While we initially decided to focus on GStreamer for implementing DMABUF buffer sharing between the VPU and the display engine, cedrus-frame-test (the standalone userspace implementation supporting the Sunxi-Cedrus VPU driver) allows us to directly work on implementing DMABUF support. So even though GStreamer does not work with libva-cedrus at this point, DMABUF support was started in a dedicated branch of the cedrus-frame-test repository. DMABUF is currently failing on the kernel side, when validating the page number of the requested DMA buffer. In this area as well, further investigation and work will be needed.

In the meantime, the Sunxi-Cedrus page on the linux-sunxi wiki was updated with the latest status of Sunxi-Cedrus support, instructions to build and install libva-cedrus and cedrus-frame-test as well as configure VLC for decoding MPEG2 videos. Feedback and test reports are welcome, especially regarding videos that are not decoded properly and show visual artifacts. The community around Sunxi-Cedrus hangs out on the #linux-sunxi and #cedrus channels of the freenode IRC network, so it is the best place to ask questions and discuss all things related to Sunxi-Cedrus!

Stay tuned for next week’s progress report!

Allwinner VPU support in mainline Linux status update (week 16)

As announced last week, the second revision of the Sunxi-Cedrus driver patchset was submitted for review earlier this week. While this new revision is based on the latest version of the request API, it also includes several fixes for corner-cases of this new API, especially to use it in the context of a M2M driver. Regarding the driver itself, significant reworks were carried out (including both functional and cosmetic changes) and the driver is now more stable. It was tested on the A33 and A20 so far and works nicely on both.

The standalone tool that was developed for testing the driver, called cedrus-frame-test, has seen various improvements that allow reliably testing the Sunxi-Cedrus driver. The tool is now in a state where it can be used nicely from the command line and includes the first few frames of our reference Big Buck Bunny MPEG2 video. It also implements timestamping to have a clear idea of how long frame decoding and frame display take. A target number of frames per seconds can also be set, with error messages printed when the target fps could not be met. Finally, a dummy libVA backend was written to easily dump slices and frame metadata from videos: libva-dump.

cedrus-frame-test displaying Big Buck Bunny frames decoded with Sunxi-Cedrus

Instructions to setup the kernel driver as well as cedrus-frame-test from our trees will be made available on the linux-sunxi wiki page dedicated to Sunxi-Cedrus very soon.

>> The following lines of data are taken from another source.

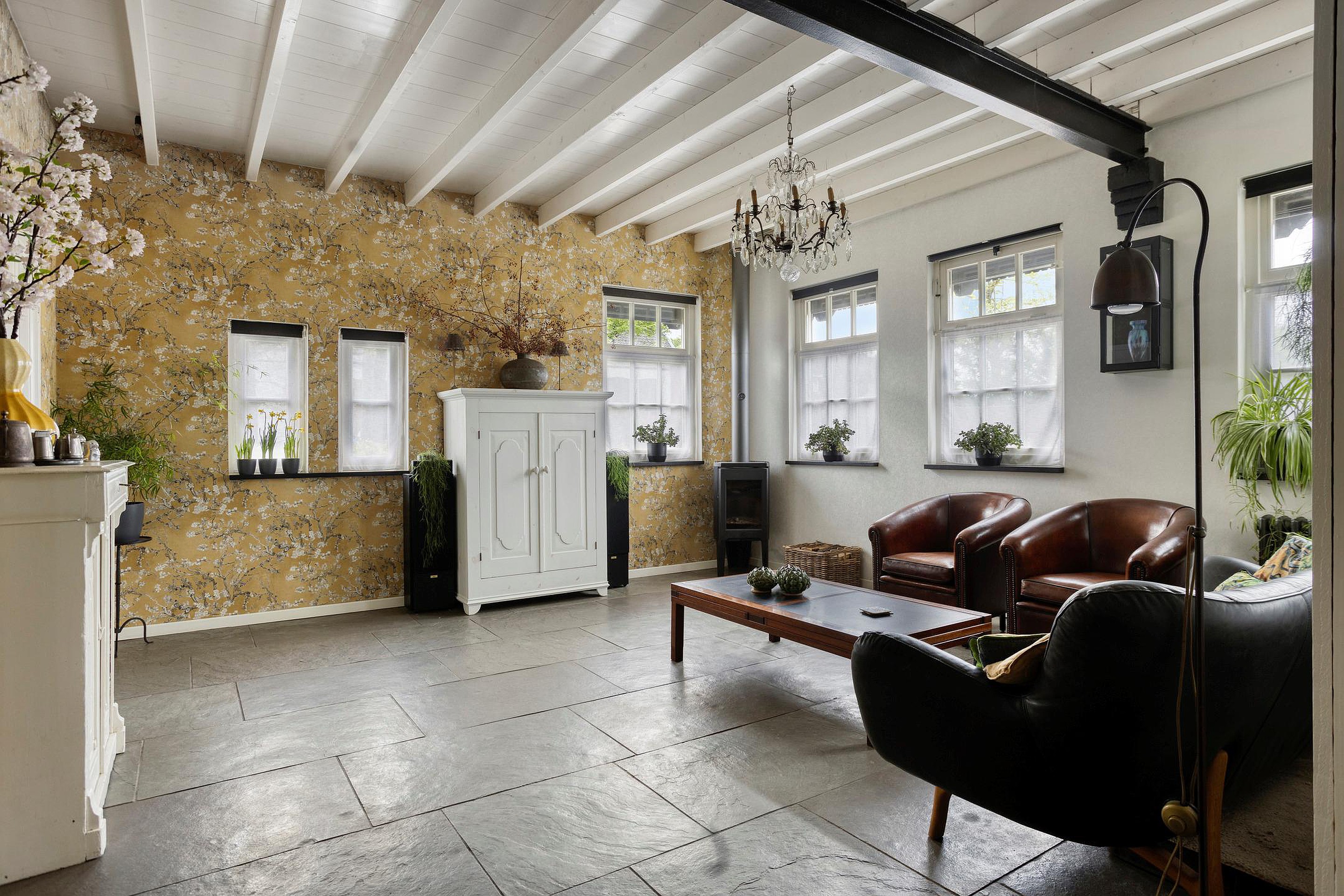 Bij binnenkomst betreedt u een hal die toegang geeft tot de woonkamer en de trap naar boven. De woonkamer valt direct op door de warme houten balken aan het plafond en de prachtige leistenen vloer met vloerverwarming. Hier staat ook een gezellige houtkachel voor sfeervolle avonden.
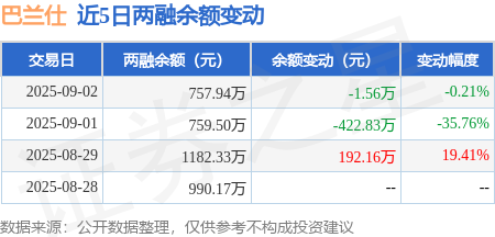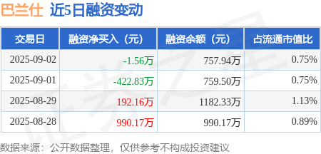 证券之星消息,9月2日,巴兰仕(920112)融资买入104.47万元,融资偿还106.03万元,融资净卖出1.56万元,融资余额757.94万元。
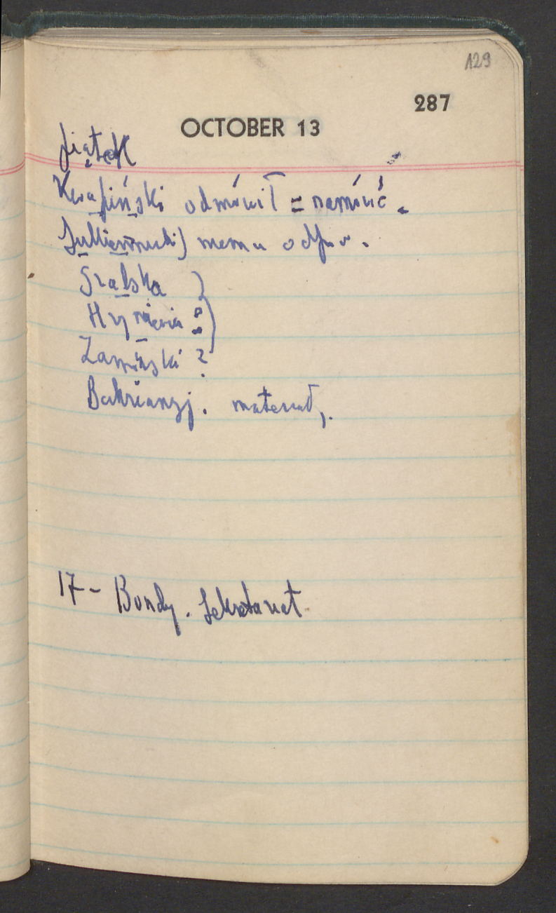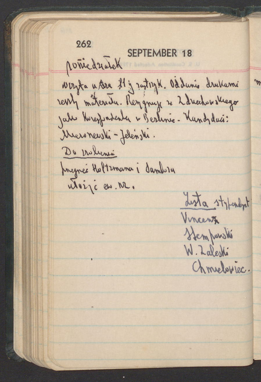 wizyta u dra 11y zastrzyk. Oddanie drukarni reszty materiału. Rezygnuję ze Zdziechowskiego jako korespondenta w Berlinie. Kandydaci: Mieroszewski – Jeleński.
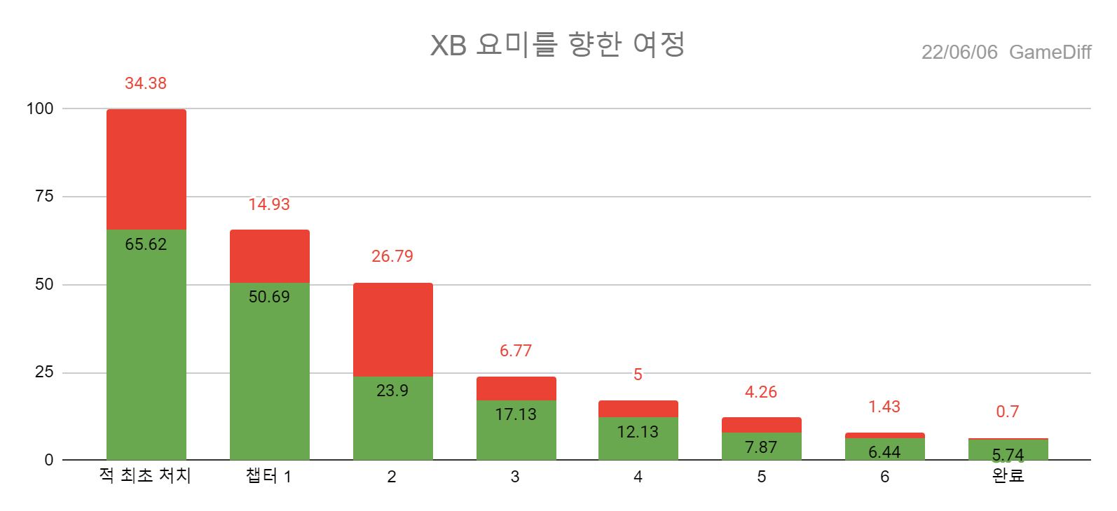 이 게임의 챕터 1까지의 이탈률은 15% 정도 밖에 안 됩니다.
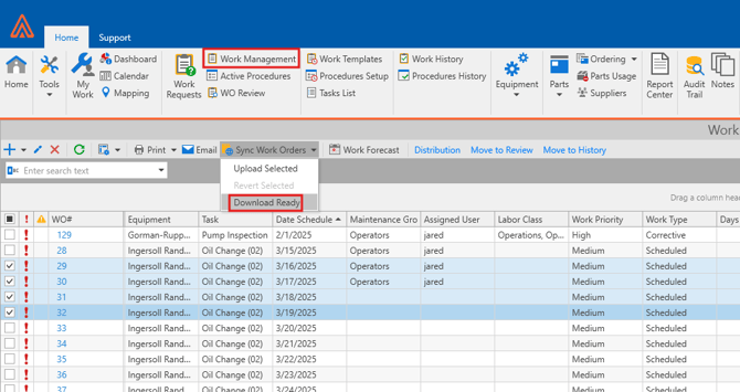Once again click on Sync Work Orders, but this time select the Download Ready option.

At this point, the time spent decoding each video frame is rather satisfying (around 5 ms as a ballpark figure) for our 854×480 demo video. We are still doing a hard copy of each frame to feed it to the display driver: that’s where the current bottleneck is. There is work left to be done in that area, first by implementing DMAbuf and also by using proper page flipping in cedrus-frame-test. We are also hitting a display issue with 4.16 on the A20, although that problem might have been fixed in 4.17 already.

Next week will be focused on (finally) adding DMAbuf support and getting libVA in shape to work with the new Sunxi-Cedrus kernel driver under VLC and GStreamer. The final patch of the first GStreamer adaptation series submitted some weeks ago was recently merged in GStreamer.

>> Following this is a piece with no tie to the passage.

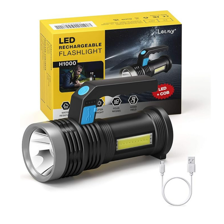 The LETMY LED Torch is a versatile, USB rechargeable lantern designed for outdoor enthusiasts. Featuring a super bright COB work light and four adjustable modes, it adapts to various lighting needs from focused searchlight to broad lantern illumination. Its waterproof construction and sturdy handle make it ideal for camping, fishing, hiking, and other outdoor activities, ensuring reliable performance in diverse conditions. Compact yet powerful, this torch combines convenience and durability for expert-level outdoor lighting.
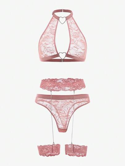 5pack Floral Lace Heart Ring Linked Lingerie Set - Dusty Pink - View 1

Allwinner VPU support in mainline Linux status update (week 15)

This week, Paul worked on preparing a new version of the patch series introducing support for the Sunxi-Cedrus VPU kernel driver, based upon the latest version of the Request API as submitted for review by Hans Verkuil on Monday. In order to make it easier to test the kernel driver, a standalone tool was written to decode a single frame (that was dumped beforehand). Support for displaying the decoded frame directly into a DRM plane was also added later this week, providing direct visual feedback. Finally, significant work was put into our libVA backend, that saw a significant rewrite of the memory-management logic related to video buffers.

We plan to prepare and release this new standalone tool as well as the libVA improvements when the kernel driver patch series is ready for submission, sometime next week. Specific instructions to get this up and running will also be made available on the Sunxi-Cedrus page of the linux-sunxi wiki, for one of the supported platforms. So far, we have tested the series on A33 and A20, but it is very likely that A10 and A13 will work just as well.

On his side, Maxime continued his effort on the H264 decoding. He first looked at the Chrome OS kernel and userspace code to drive the Rockchip SoCs VPU. This code is of interest because it’s basically the only stack so far that is functional, used and based on the Request API since Google is especially involved in the development of that API. He then went on with mapping the request API controls for H264 to the code for H264 decoding in the libvdpau-sunxi code that already provides an implementation for the Allwinner VPU. He then started to write some kernel code to add support for the kernel part of the API.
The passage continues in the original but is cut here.